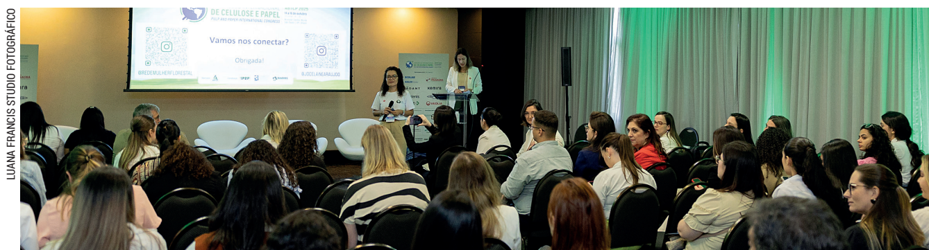
LUANA FRANCIS STUDIO FOTOGRAFICO
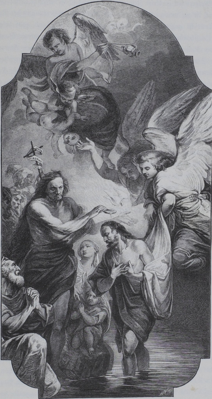
Die Taufe Christi, Altarbild von Josef Martin Schmid in der Pfarrkirche zu Stein an der Donau.
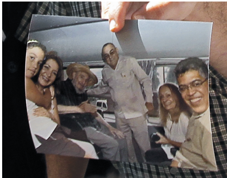
L'ancien vice-président vénézuélien Elias Jaua montre une photo de Fidel Castro, le troisième à gauche, dans un hôtel de La Havane à Cuba ce dimanche.

assemblées provinciales et nationale n'ont pas encore été fixées, mais le nouveau Parlement se réunit traditionnellement le 24 février, date anniversaire du début de la guerre d'indépendance, en 1895.

※

Assignment. Please output all of the data exactly as given, omitting any images it holds.

Finished task.
LUANA FRANCIS STUDIO FOTOGRAFICO
Die Taufe Christi, Altarbild von Josef Martin Schmid in der Pfarrkirche zu Stein an der Donau.
L'ancien vice-président vénézuélien Elias Jaua montre une photo de Fidel Castro, le troisième à gauche, dans un hôtel de La Havane à Cuba ce dimanche.

assemblées provinciales et nationale n'ont pas encore été fixées, mais le nouveau Parlement se réunit traditionnellement le 24 février, date anniversaire du début de la guerre d'indépendance, en 1895.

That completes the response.